The NASA-style prototype has been designed for four people, although the members of N55's Walking House team – Ion Sorvin, Oivind Alexander Slaatto and Sam Kronick – are keen to point out that its structure can be extended, while if stacked together, a group of Walking Houses could form temporary villages. The prototype features polycarbonate windows, built-in furniture, including sleeping platforms, a composting lavatory and a wood-burning stove.

The idea is not entirely new, as the British Pop architectural collective, Archigram, designed a Walking City, largely attributed to the late Ron Herron, in 1964 and there have been any number of walking pods and other inhabitable structures in sci-fi novels, comic strips and films over the past century. Realised in the form of drawings and animation, Herron's Walking City was a hugely enjoyable proposal, an entire city that could get up, walk to wherever in the world its citizens would like to go, and plug itself into the local landscape for energy and supplies. The city could take itself on holiday, and Herron's beautifully realised drawings showed this giant automaton taking itself on trips to various exotic locations.

The thinking behind Walking House is compelling: why can't we live more like Travellers have? Why do we need to stick to one place?

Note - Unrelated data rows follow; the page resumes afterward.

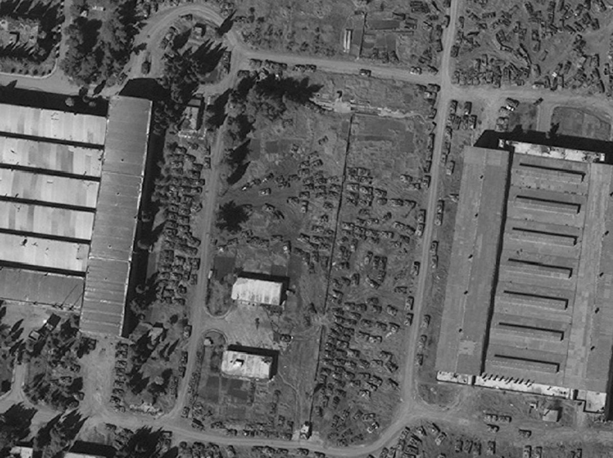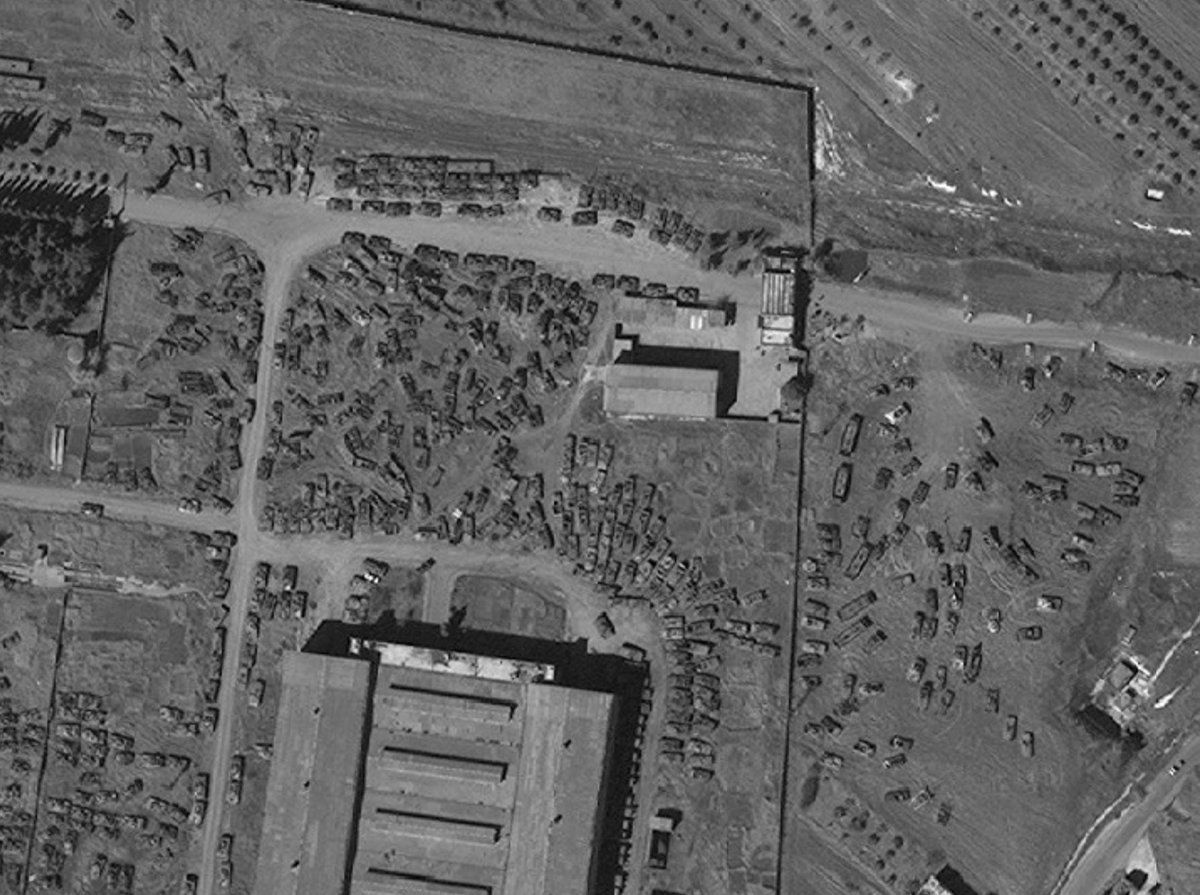 Opravářská základna SAA. Celkem bylo napočítáno zhruba tisíc různých obrněných vozidel
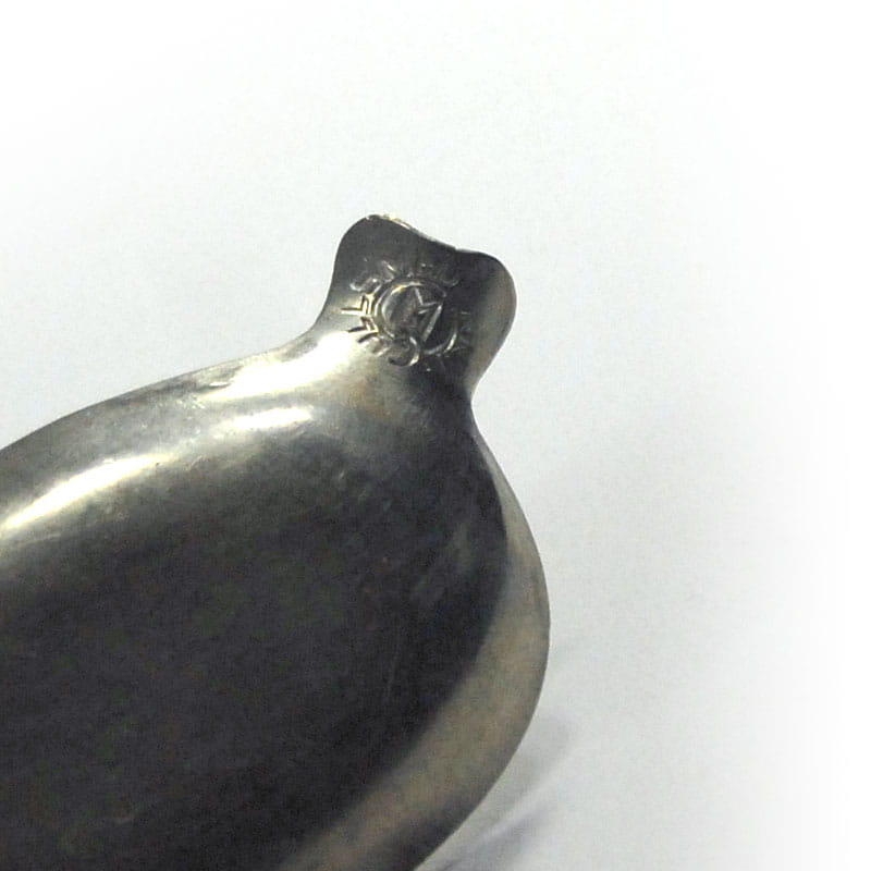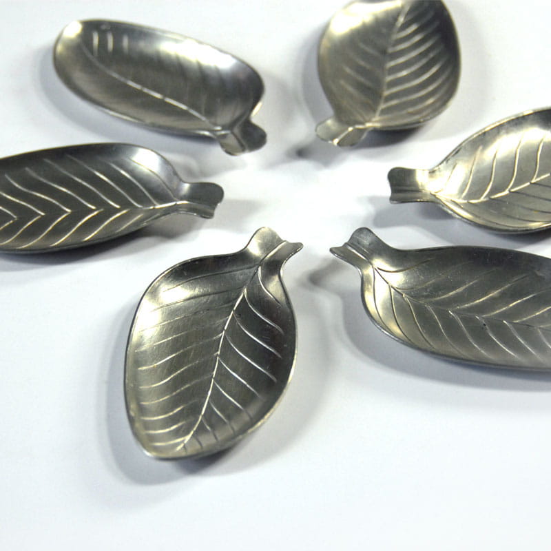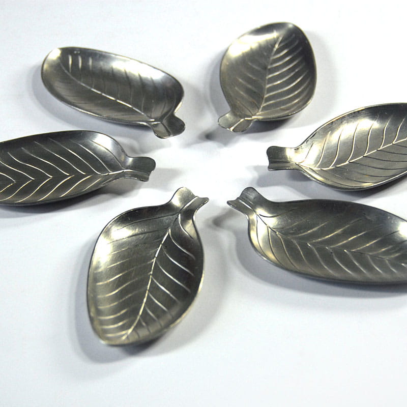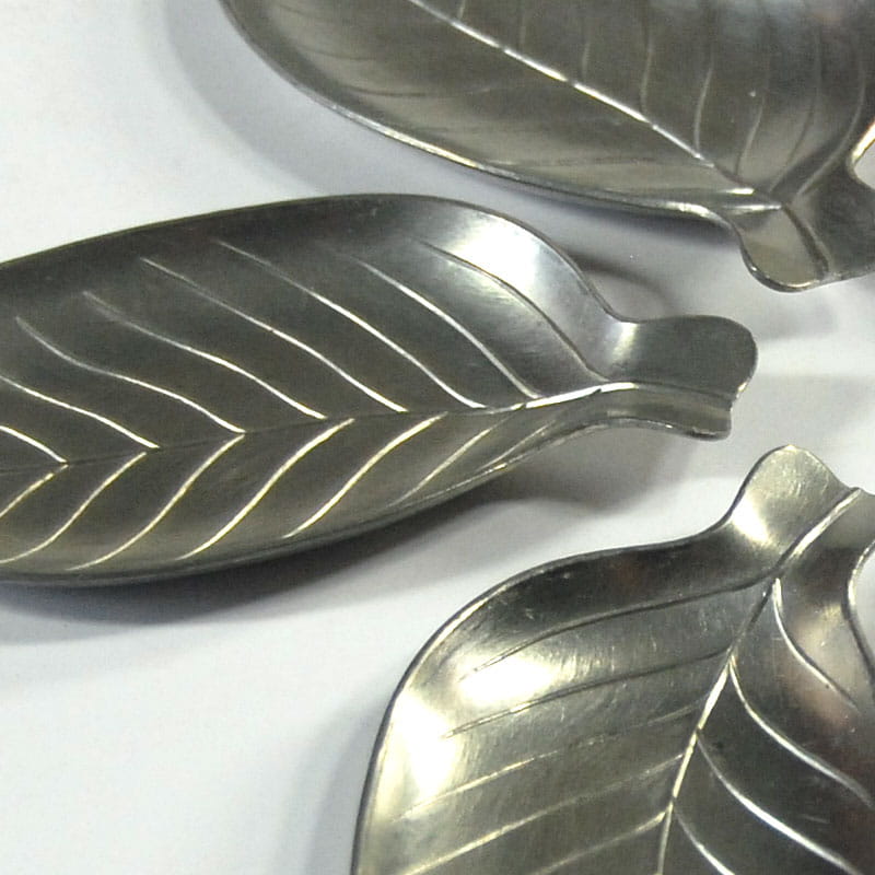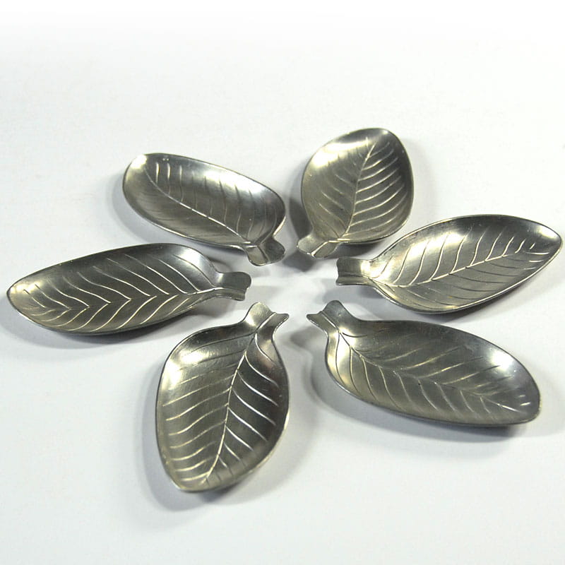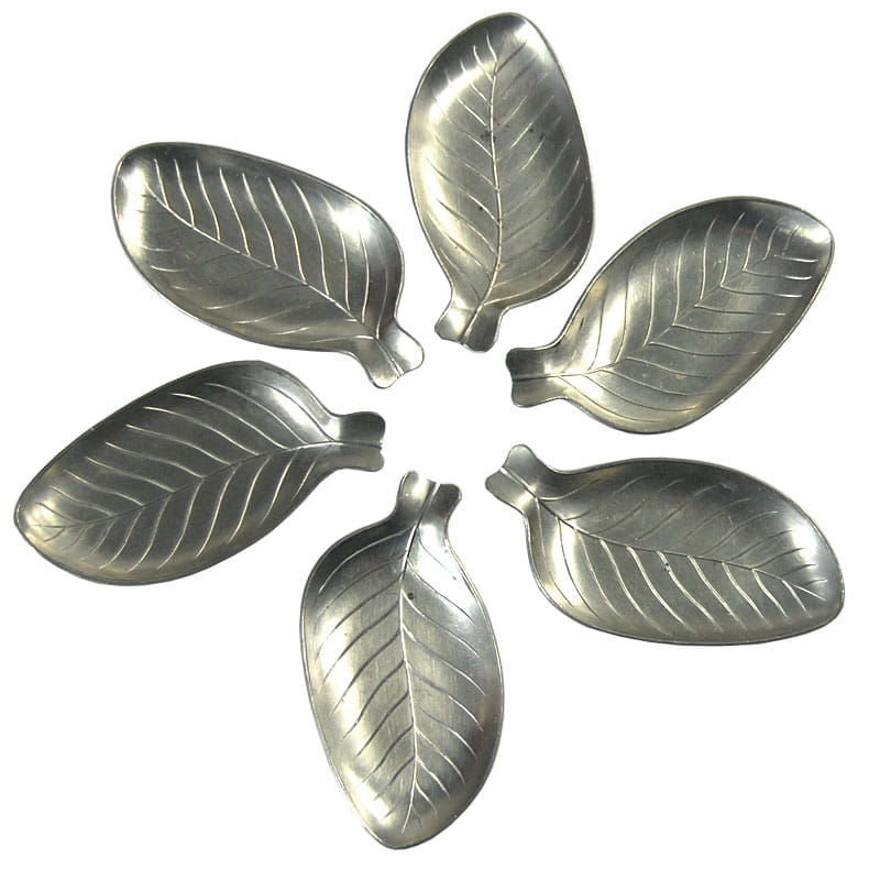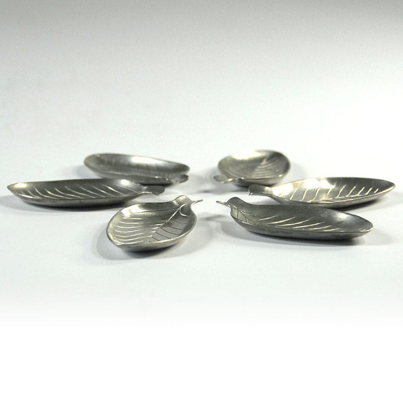 Komplet sześciu małych popielniczek stołowych w formie stylizowanych listków. Popielniczki pochodzą z Norwegii z lat sześćdziesiątych XX wieku. Sygnowane: Gullsmed Tinn. Zrobione są ze stopu cyny z ołowiem. Bardzo dobry stan zachowania z niewielkimi śladami używania. Wymiar pojedynczej popielniczki: 9,9 x 5 cm.
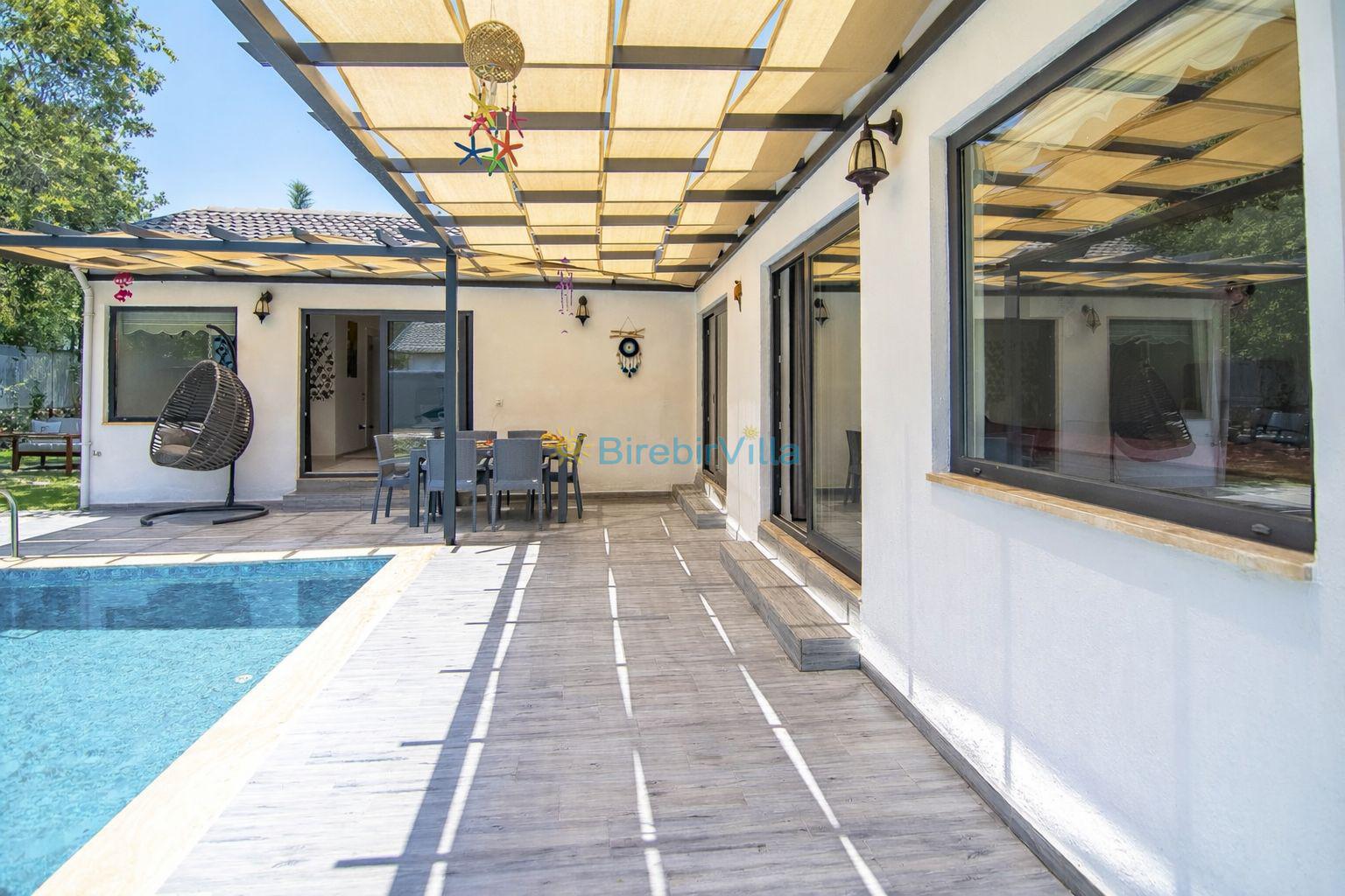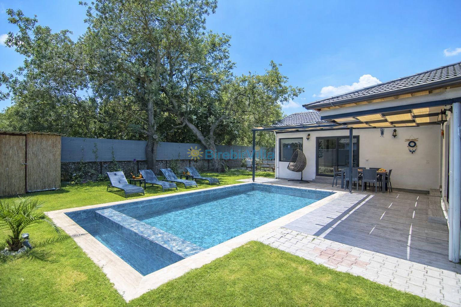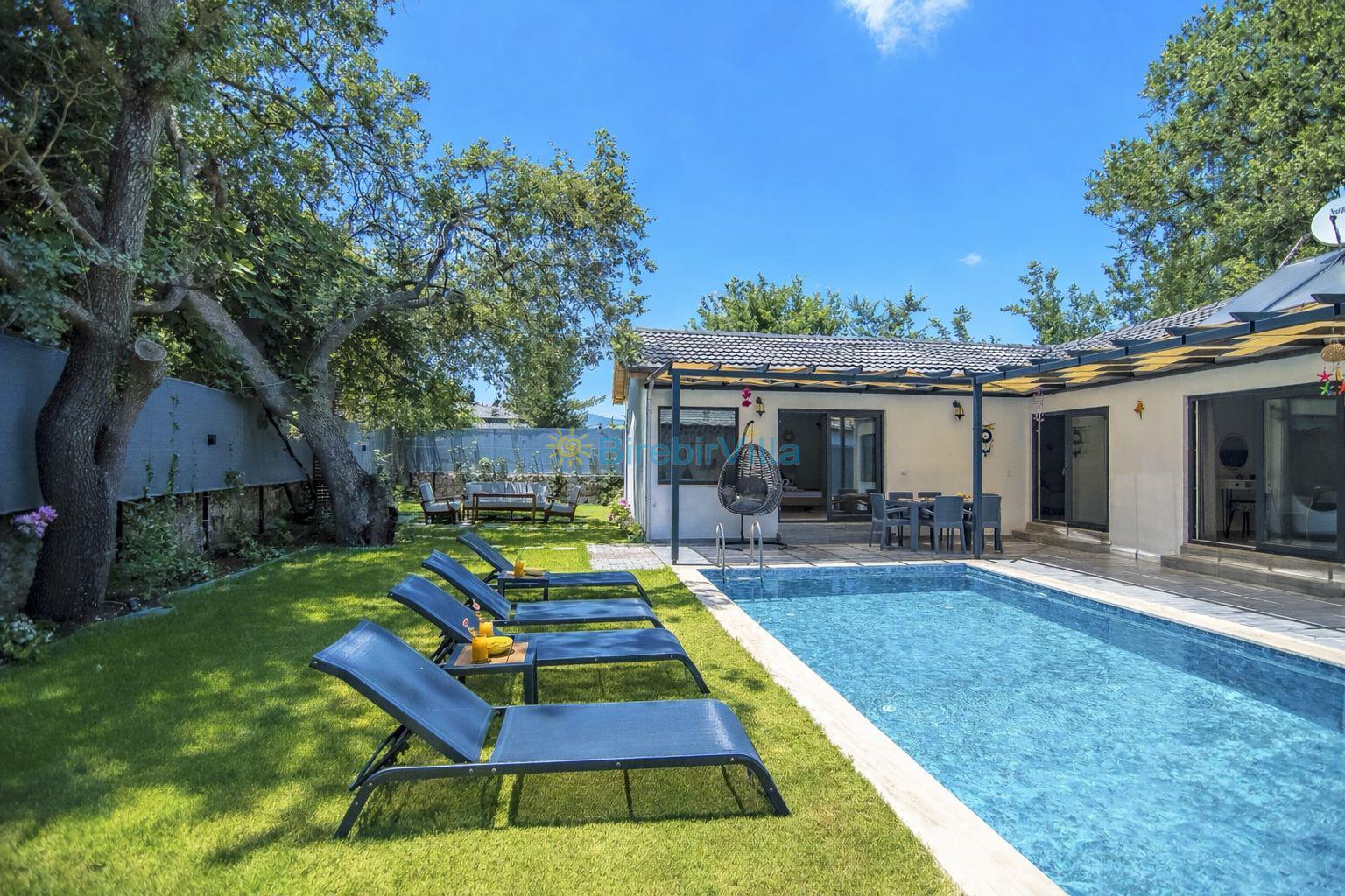 Not: Doğa ile iç içe konuma sahip olan tüm villalarımızda düzenli olarak ilaçlama yapılır. Buna rağmen çevrede haşere vb. bulunma ihtimali vardır. Havuzu korunaklı villalarımızda kesinlikle %100 görünmememe garantisi vermemekteyiz. Bu villalarımızda her zaman %10 sakınma payı mevcuttur. Sitemizde bulunan villa fotoğraflarının, görüntüyü ekrana sığdırmak için ’Geniş Açılı Lens’ ile çekilmektedir. Bu sebeple resimlerdeki objeler, gerçek boyutlarından daha büyük veya küçük görünebilmekte.
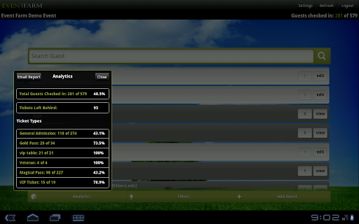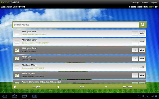 The Event Farm application is used for check-in and guest registration at events. The application can be used in conjunction with the web-based Event Farm Ticketing and Guest Registration System or can be used on its own for users that simply want to upload a guest list. The application allows users to check-in guests, leave behind tickets for others, view notes about individual guests (i.e seating assignments, etc) as well as trigger "Arrival Alerts" that email and/or text users when specific guest(s) have checked in.
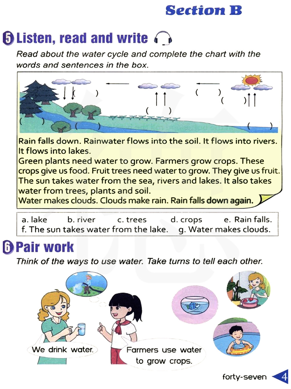 雨落下来。 雨水流入土壤。 它流入河流。 它流入湖里。绿色植物需要水来生长。 农民们种庄稼。 这些作物供给我们食物。 水果树需要水来生长。 它们供给我们水果。 太阳从海洋、河流和湖泊里带走水分。 它也会从树木、植物和土壤里带走水分。水分形成云。 云形成雨。 雨又再次落下来。
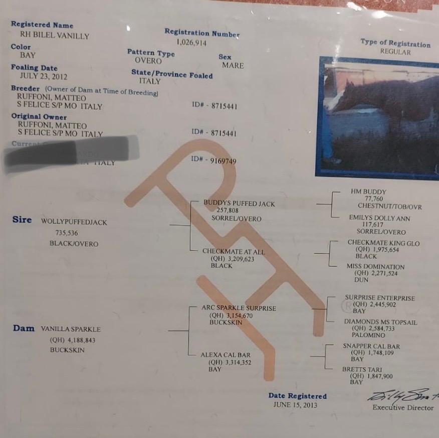 | Dam VANILLA SPARKLE buck 2001 QUARTER HORSE ![]() | Ex ALEXA CAL BAR QUARTER HORSE AQHA # By SNAPPER CAL BAR ![]() NCHA $248,987 COA NCHA Non-Pro Futurity Champion NCHA Open Derby Co-Champion. Breeding Stallion in Italy. Sire of many Champions. Winning get include: 2003 Open Derby NRHA of Germany, 2003. 2004 Open + Non Pro Derby NRHA of Germany, 2004 Italian Open Futurity and many more. Deceased. |
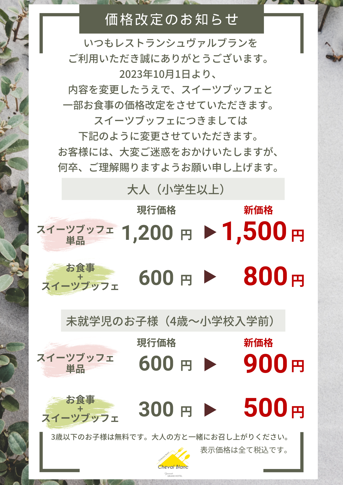 2023年10月1日から原材料高騰に伴い、一部のお食事とスイーツブッフェの価格改定を実施させていただくこととなりました。
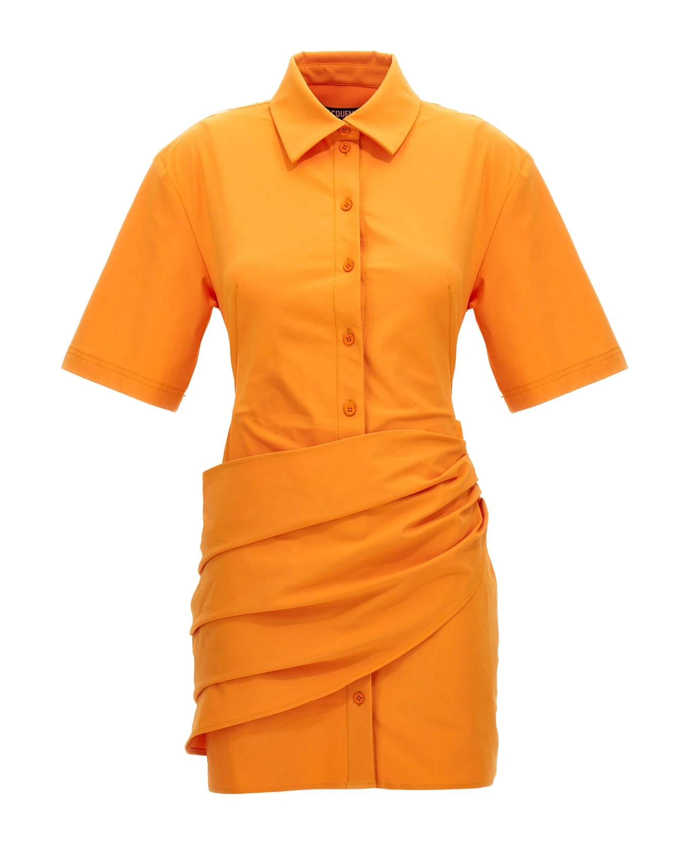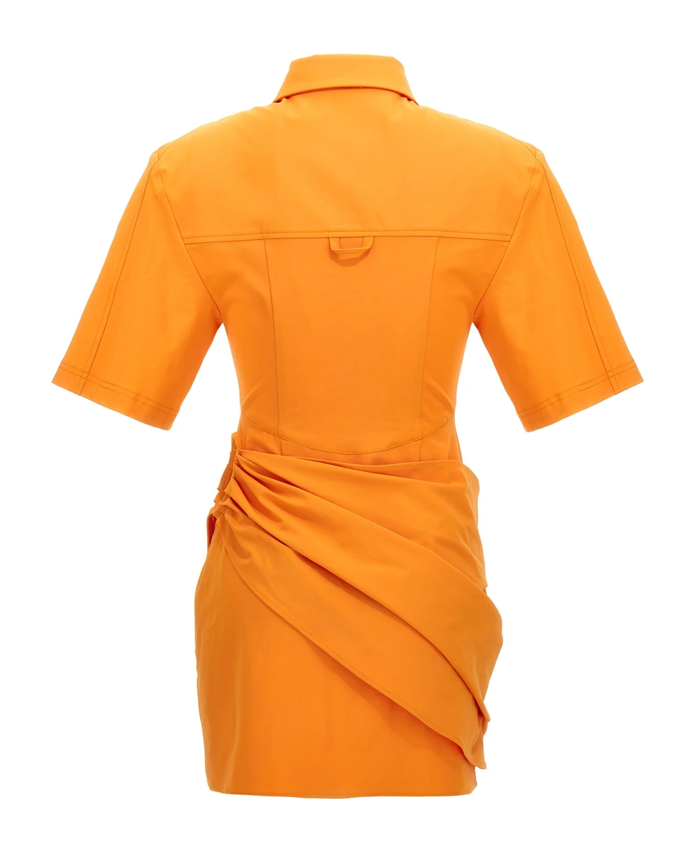 ‘La Robe Camisa stretch cotton blend twill dress with a shirt collar, short sleeves, front button closure, draped yolk on the sides and cut out detailing on the left side. e.

There are many answers to these questions, of course, but questions of culture, work, how and where we educate our children aside, the all too real answer is property. Or land. In most of the world, humans have parcelled up and privatised land and its ownership is seen as an almost God-given right. And, this is why Travellers themselves have found the modern world an increasingly hostile place. Wherever they go, the customs and rules of land ownership say "you're not welcome here".

So, while Walking House is a special project, it might be hard for potential future owners to find anywhere to walk their house to, except a caravan site. And can you imagine Walking Houses cluttering up roads on Bank Holidays as they plod along at the speed of a singularly dozy tortoise in the wake of caravans towed by cars? They wouldn't be very popular.

The nomadic way of life, although much romanticised, has largely died out worldwide. This might be sad, yet Walking House shows that the idea is far from dead, and that the notion of ambling through the world in the equivalent of a gaily painted Gypsy caravan might just be brought happily bang up to date.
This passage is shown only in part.